Abstract
1- Introduction
2- Background
3- Related work
4- Methodology
5- Measurement parameters
6- Results
7- Discussions
8- Conclusions
References
Abstract
Tracking is pervasive on the web. Third party trackers acquire user data through information leak from websites, and user browsing history using cookies and device fingerprinting. In response, several privacy protection techniques (e.g. the Ghostery browser extension) have been developed. To the best of our knowledge, our work is the first study that proposes a reliable methodology for privacy protection comparison, and extensively compares a wide set of privacy protection techniques. Our contributions are the following. First, we propose a robust methodology to compare privacy protection techniques when crawling many websites, and quantify measurement error. To this end, we reuse the privacy footprint and apply the Kolmogorov–Smirnov test on browsing metrics. This test is likewise applied to HTML-based metrics to assess webpage quality degradation. To complement HTML-based metrics, we also design a manual analysis. Second, we study the overlap of blocking resources between most popular browser extensions, and compare the performances using the proposed methodology. We show that protection techniques have vastly different performances, and that the best of them exhibit a wide overlap. Next, we analyze the impact of privacy protection techniques on webpage quality. We show that automated HTML-based analysis sometimes fails to expose quality reduction perceived by users. Finally, we provide a set of usage recommendations for end-users and research recommendations for the scientific community. Ghostery and uBlock Origin provide the best trade-off between protection and webpage quality. Ghostery however requires a configuration step which is difficult for users. The RequestPolicy Continued and NoScript extensions exhibit the best performances but reduce webpage quality. Ghostery and uBlock Origin use manually built blocking lists which are cumbersome to maintain. Research efforts should focus on improving existing approaches that do not rely on blocking lists (such as Privacy badger or MyTrackingChoices), and automatically building reliable blocking lists.
Introduction
The huge growth of the Internet comes along with an everincreasing advertising market. Internet users access content provided for free by publishers. Consequently, publishers monetize their audience through advertisement. Companies thus buy online exposure to promote their products. In order to maximize advertisement efficiency, advertisers tailor ads to users regarding their interests. To this end, advertisers leverage context (e.g. visited website) or previous browsing interests. Advertisers use techniques such as cookies to identify users across websites and build their browsing history. Other techniques have also been developed to allow advertising actors to communicate with each other (such as cookie syncing [1]), or circumvent cookie removal by respawning cookies using diverse types of data storage inside the browser (e.g. using Flash [2]).
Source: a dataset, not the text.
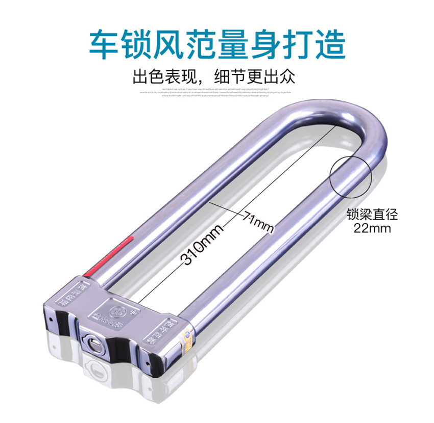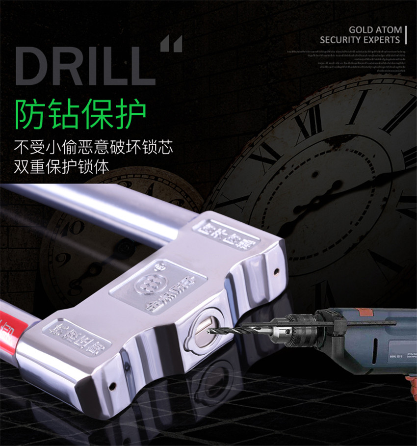 金點(diǎn)原子超B級(jí)葉片鎖芯摩托車鎖 U型加長 電瓶車鎖抗液壓剪防撬

Browser fingerprinting [3] allows a tracking entity to follow a user across websites without any in-browser data storage. In response to these techniques, several counter-measures were designed. We can here quote the Do Not Track HTTP header [4] by which a user can ask not to be tracked. Browsers can also block some or all cookies. Finally, many browser extensions hinder third party tracking by preventing cookie creation and/or blocking requests to tracking services.